Beitrag von Freeyourgender » 29 Okt 2016, 11:26

Hengstin - > Nein -die Verwunderung über diese Wortschöpfung in den Youtube-Kommentaren
des offiziellen Musikvideos zum gleichnamigen Song von Jennifer Rostock ist
nicht allein dem Umstand geschuldet,
dass sich Leser_innen die Frage stellen, warum nicht die Bezeichnung Stute gewählt wurde,
um ein weibliches Pferd zu beschreiben:
Nein - eben nicht, denn Stute würde genau die Assoziation bei Leser_innen hervorrufen,
die Frau hervorruft, in dem Maße anders wie Mann.
Die Bezeichnung Stute besetzt die Frauenrolle, die im Patriarchismus Eigenschaften besitzt,
die weibliches Dienen und Hingabe begrifflich überzeichnen, daher ist dieser Begriff nicht nur im Erotik-Biz beliebt,
wenn es darum geht, das Gegenteil von Dominanz auszudrücken, in Verbindung mit ständiger
sexueller Verfügbarkeit >Nutzbarkeit. Vom Nutztier Pferd zum Nutztier Mensch. Von Stute zur Frau.

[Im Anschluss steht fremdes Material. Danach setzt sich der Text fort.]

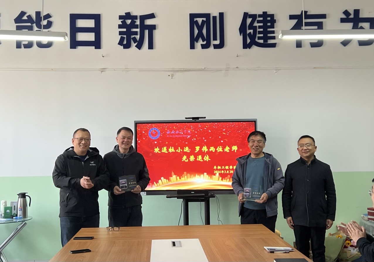 3月20日上午,德信体育官网为杜小运、罗伟两位教师举行荣休欢送座谈会。会议由公司党总支书记周小勇主持,经理赵炜华、副经理赵坤以及全体教职工参会,共同为两位荣休教师送上祝福。
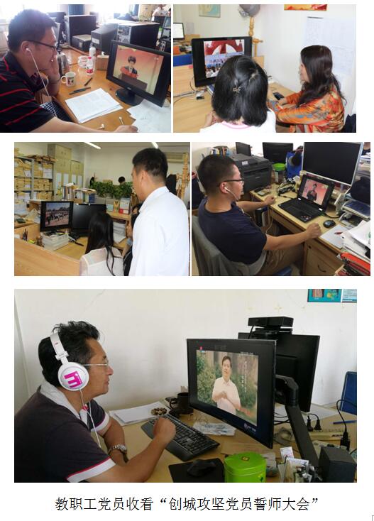 按照学校组织部要求,6月13日(周二)上午9点,信息科学与工程学院党委组织教职工党员以各种形式收听收看秦皇岛电视台二套全市“创城攻坚党员誓师大会”。 秦皇岛市创建全国文明城市工作已经进入到了最后的冲刺阶段。为确保创建工作取得优异成绩,我市将吹响创城攻坚的冲锋号,动员广大党员同志充分发挥能打硬仗、善克难关的先锋队作用,深入一线、攻坚克难,夺取创城决战的最终胜利。

Nein - es geht genau darum, nicht um das "falsch gewählte" Wort,
sondern um den umgekehrten Effekt, den Hengstin für die Bezeichnung einer Frau nun bekommt:
Das Wesen Frau wird mit dem Begriff "Hengstin" nun mit männlichen Eigenschaften besetzt,
die "eigentlich" dem Begriff "Hengst" zugedacht sind.
Der Knoten im patriarchal denkenden Kopf löst genau die Kommentare im Internet aus,
die ausgelöst werden sollen.
Chapeau !
Geistige Verwirrung.
Fragt sich nur, wer geistig verwirrt ist, unsere patriarchale Sprachgewohnheit,
oder der Effekt der eintritt, wenn diese aufgelöst wird und damit patriarchale Strukturen sichtbar werden.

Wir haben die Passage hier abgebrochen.